Conditions Database Brainstorming Meeting (7/5/2007) Work in progress, under construction

Added:
>
>
Participants: Olivier Callot, Marco Cattaneo, Philippe Charpentier, Marco Clemencic, Joel Closier, Gloria Corti, Clara Gaspar, Patrick Koppenburg, Thomas Ruf
 

Discussed Topics

Added:
>
>

Partitioning

The CondDB software framework allows to combine several COOL databases (partitions) to form a unique picture which is then seen via the entry point in CondDBCnvSvc. The COOL databases can be combined essentially in two ways
partitioning
one or more sub-trees of the global picture can be found in different databases while all the rest is found in a base database. It is similar to what happens on a unix filesystem where the root partition (mounted on '/') correspond to that base database and other partitions (mounted on directories like '/usr' or '/home') correspond to the other databases.
layering
two or more COOL databases can be piled up and the access to a lower layer occurs only if the information is not found in one of the layers above.
The result of the two types of combinations can be then combined to other COOL databases as if it was a plain COOL database.

The standard LHCb Conditions Database will consist of 3 COOL databases combined using the "partitioning" feature:

DDDB
base partition (providing the main entry point). The content is essentially static and corresponds roughly to the former XmlDDDB, with the informations that are common to both reconstruction and simulation.
LHCBCOND
partition accessed via the directory "/Conditions". It contains multi-version conditions like alignments and all the conditions that are produced "off-line".
ONLINE
partition accessed via the directory "/Conditions/Online". It is the COOL database which is populated in the pit with only single-version conditions (like reading from probes).

Simulation

The simulation will need the detector description, values for alignments and run parameters like magnet polarity. This informations (except for the ideal geometry and descriptions of materials, etc.) do not need to be the same as those found in the database used for real events, and, in many cases, they have to be different.

To disentangle the conditions that are (or may be) different between real data and simulated events from those objects that are in common, we keep the common XML (geometry, materials, etc.) in the COOL database DDDB, while the structure of LHCBCOND and ONLINE will be copied into a COOL database dedicated to simulation: SIMCOND. The database for conditions for simulation will contain multi-version conditions also for the part emulating ONLINE.

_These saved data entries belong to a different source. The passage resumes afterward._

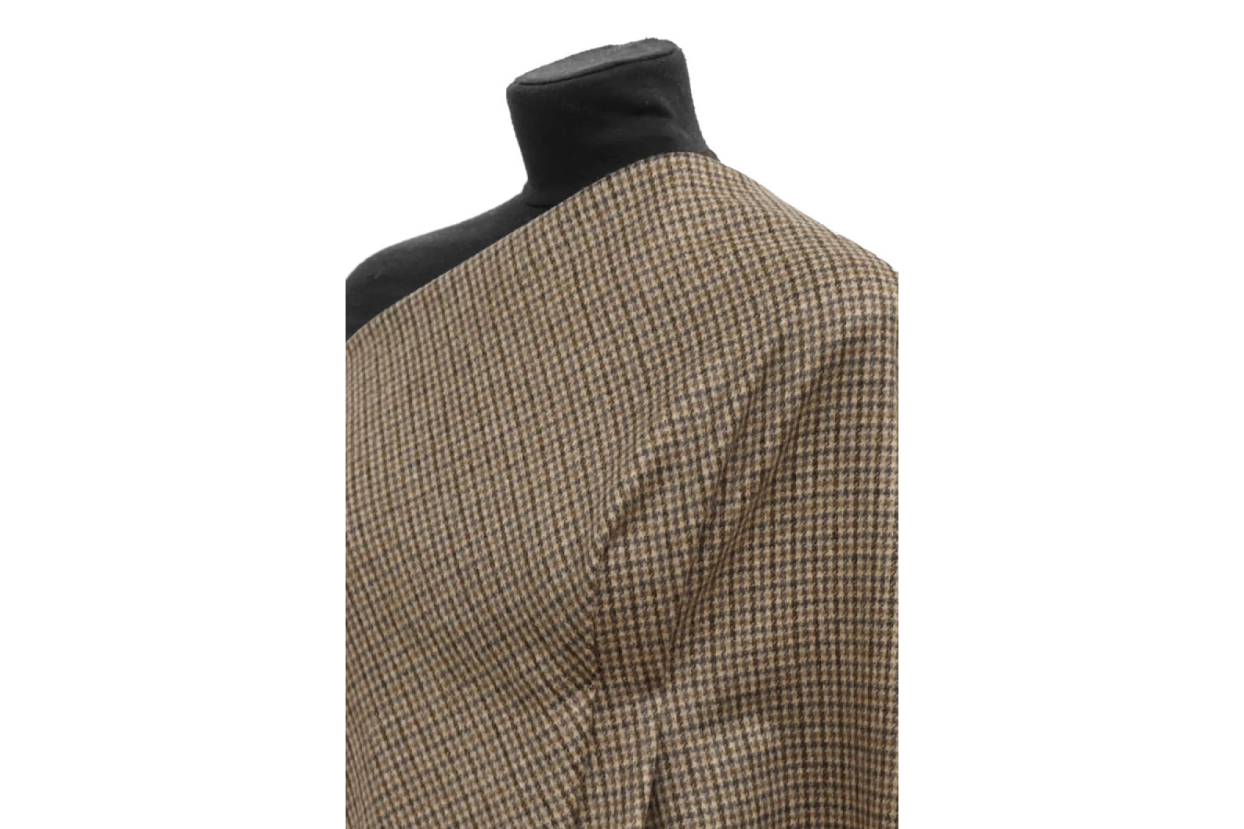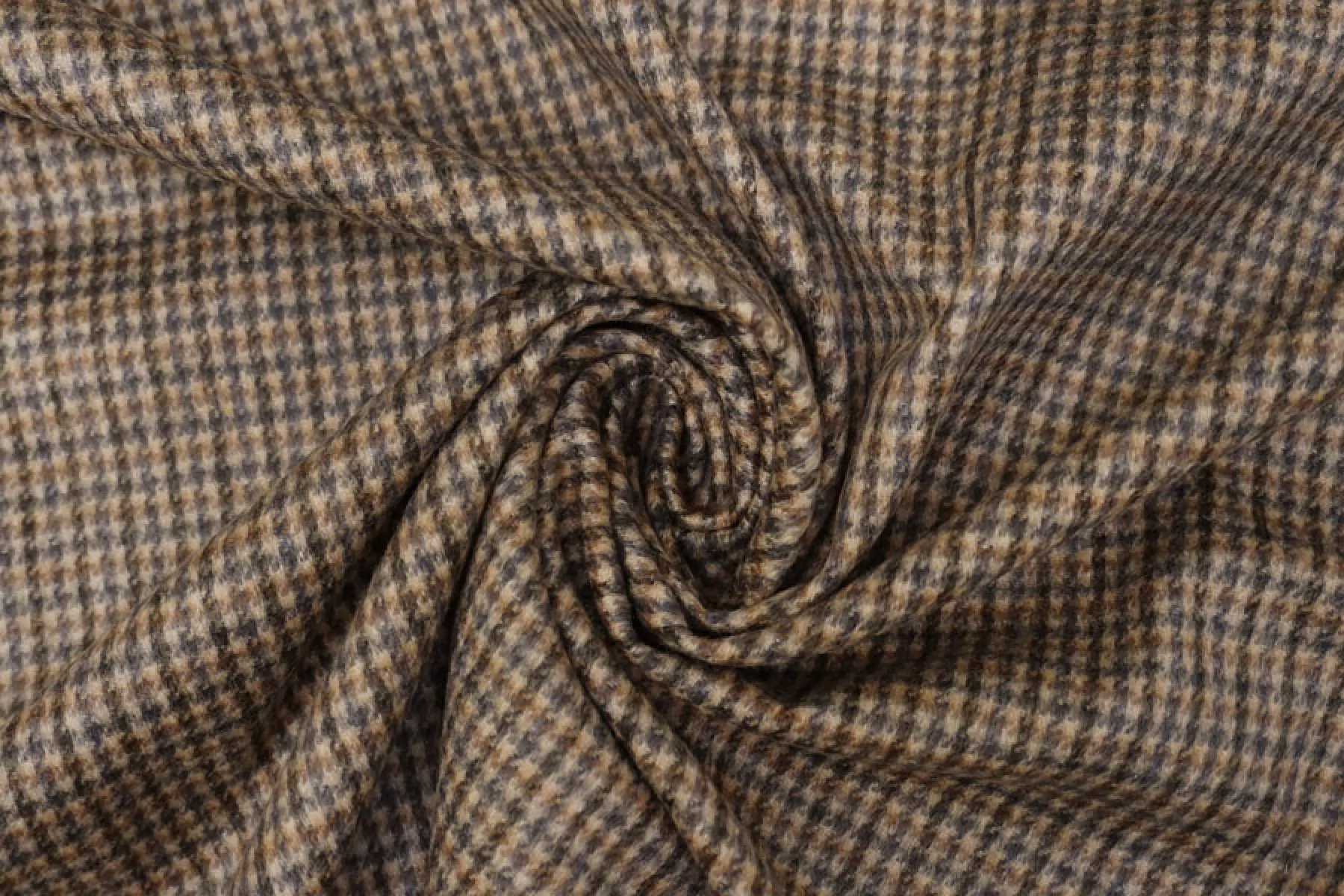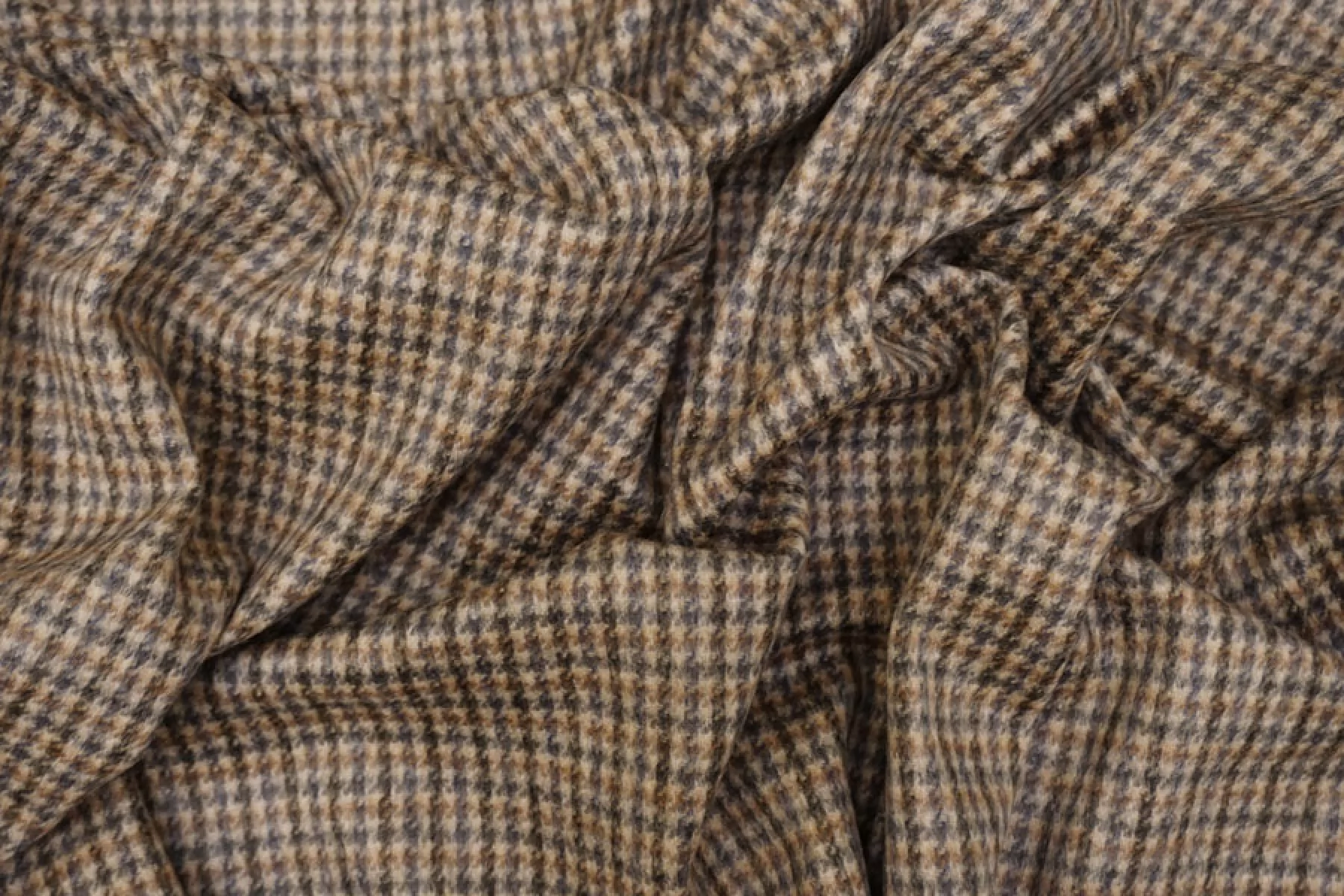 Костюмная шерстяная фланель диагонального плетения светло-коричневого оттенка в мелкую клетку, лицевая сторона с коротким направленным ворсом. Тактильно приятная, мягкая, немного суховатая, не колется. Не тянется и не просвечивает. Достаточно плотненькая. Не мнется. Обладает легким лоском. Пластичная. Хорошо драпируется и держит форму. Шьем костюмы, жакеты, юбки или теплые рубашки. Подойдет как в мужской, так и женский гардероб. Уход деликатный.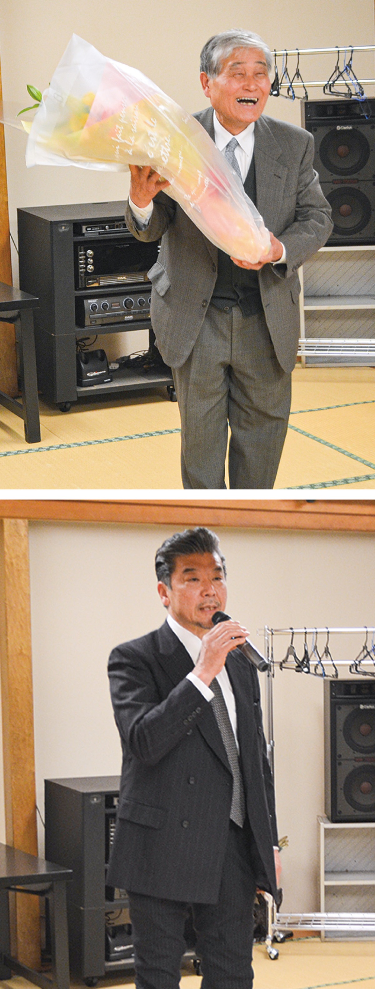 総会後の懇親会には市長や商工会長、近隣町の飲食店組合長、飲食店関連の企業担当者などが出席。はじめに挨拶に立った前組合長の満本充氏はコロナ禍で飲食店が苦境に立たされたことに触れ「環境が大きく変わった中で多くの飲食店が生き抜いてこられた。これは各店の努力の賜物」と話し、組合員から花束を受け取った。続いて、山本氏が「微力ながら組合活動に貢献していきたい。どうぞよろしくお願いします」と話した。選考委員長の黒木弘行氏は「この組合は50〜60代の熱心な組合員に恵まれている。若い力で今後も南足柄を盛り上げていってほしい」と話した。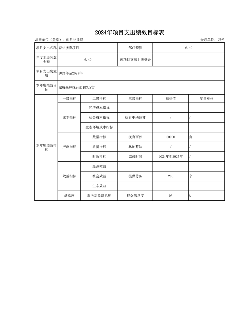南县林业局2024年整体绩效目标申报表和项目支出绩效目标表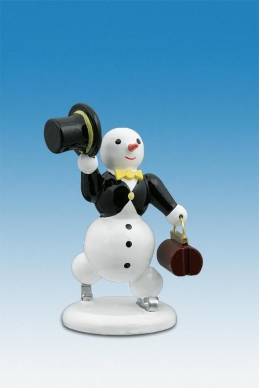 Der niedliche Schneemann verzaubert nicht nur durch seine detailverliebte Ausführung. Die Kombination aus leuchtenden Farben und charmanten Accessoires wie der schwarzen Tasche und dem markanten Zylinder machen die Figur zu einem echten Hingucker. Ob als winterliche Tischdekoration oder als Blickfang im Bücherregal - dieser Miniaturfreund bringt Freude in jedes Heim.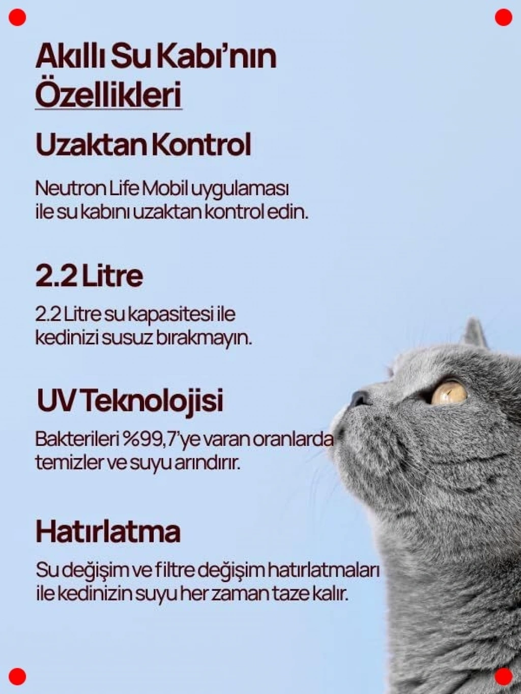 Evcil hayvanınızın her zaman taze ve temiz suya erişmesini sağlayan bu akıllı su pınarı, UV sterilizasyon teknolojisi ile suyu mikroplardan arındırır. Wi-Fi ve Bluetooth desteği sayesinde uygulama üzerinden su seviyesini takip edebilir, çalışma programını ayarlayabilir ve filtre ömrünü yönetebilirsiniz. Sessiz çalışma özelliği sayesinde evinizin huzurunu bozmaz. Sürekli dolaşan su, evcil hayvanınızı daha fazla su içmeye teşvik eder, böylece böbrek sağlığını destekler.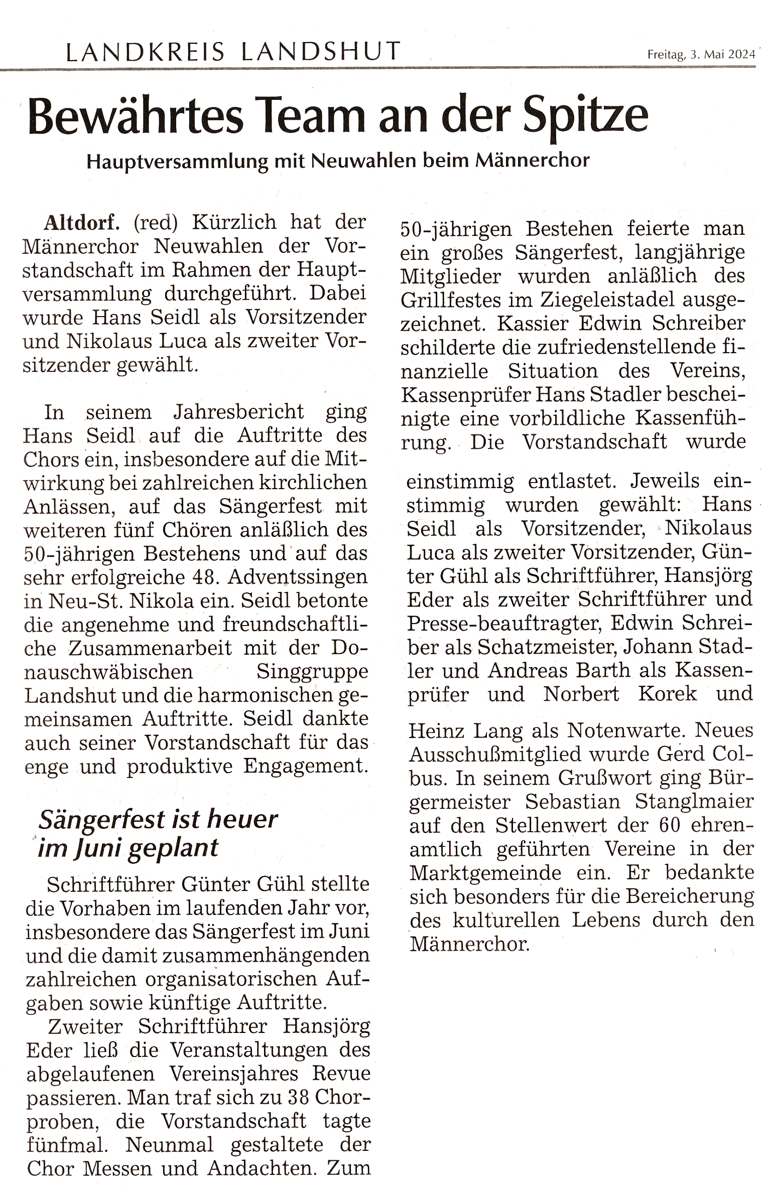 Landshuter Zeitung 1. Juli 2024, Bericht zum 24. Sängerfest
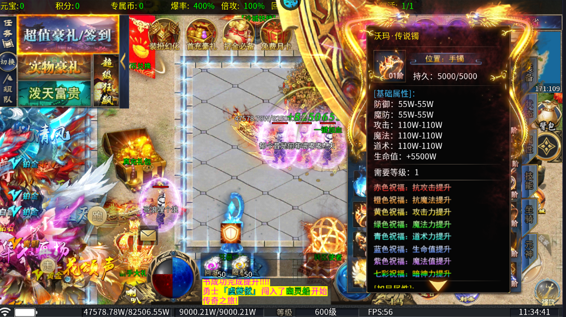 1、上线即可免费领取福利礼包(包含5*装备碎片、100万元宝、1万充值积分等)
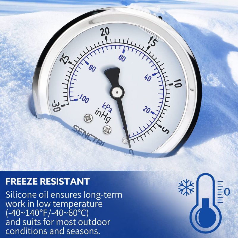 Brass and Stainless Steel wetted parts for measuring non-corrosive liquid and gas pressure. Such as water, oil, air pressure test. Compatible with air conditioning line repair, tank, hvac tools, air pump, pipe, tube vacuum test and etc.. Circular dial is enclosed in a 304 stainless steel case for corrosion resistance. Liquid filled inhibits pointer flutter and prevents damage to the internal mechanics from vibration and pulsation. Silicone oil ensures long-term work in low temperature(-40~140℉/-40~60℃) and suits for most outdoor conditions and seasons. Measures pressure with dual scale (-30-0 inHg/-100-0 kPa). Display accuracy is + or - 3/2/3% over the entire range of the gauge IP65 waterproof prevent condensation inside caused fogging of the window. Offer clear reading.

To control which conditions are used for the simulated events, we will use mainly the event time (chosen to be close to the event time of real data to avoid possible conflicts with the content of DDDB). If needed we can change the tag to be used too.

Test Beam (and other special cases)

The geometry and structure description for test-beam reconstruction will be stored on different private databases that will replace DDDB (and/or the other databases) in the user job options. The private databases can be stored on any back-end (Oracle, MySQL, SQLite) and will not be replicated to Tier-1s. If grid-based analysis is needed, the databases could be distributed in the form of SQLite file as it happens with the package SQLDDDB v2rx (used by Brunel v31r3).

Deployment/Replication

We need a copy of the databases used for reconstruction at Tier-0, the pit and Tier-1s. The replication will be done through Oracle Streams set up by the LCG 3D group.

DDDB and LHCBCOND will be accessible in read-write mode only from CERN and then replicated to read-only copies to the pit and to Tier-1s. ONLINE will be writable only at the pit, where will be populated automatically by PVSS, and will be replicated to CERN, from where a replication task will propagate the updates to the Tier-1s.

SIMCOND will be replicated in the same way as DDDB and LHCBCOND to be accessible for user analysis. Simulation jobs, running at Tier-2s, will use a SQLite-based snapshot of SIMCOND.

 

Tag Naming Convention

The name for a tag is important to allow the user as well as the maintainer to know what the information associated to the tag was used for.
Line: 13 to 48
 
  • Reprocessing-2009-2

We can also use something like "Online-2008-1" to identify the tag that has to be used in the on-line farm during data-taking and for the quasi-online first reconstruction.

Added:
>
>

Tag Usage Cycle

Real Data

The tag to be used in the online farm has to be defined by somebody (librarian? manager?) and communicated to the online system and to the production.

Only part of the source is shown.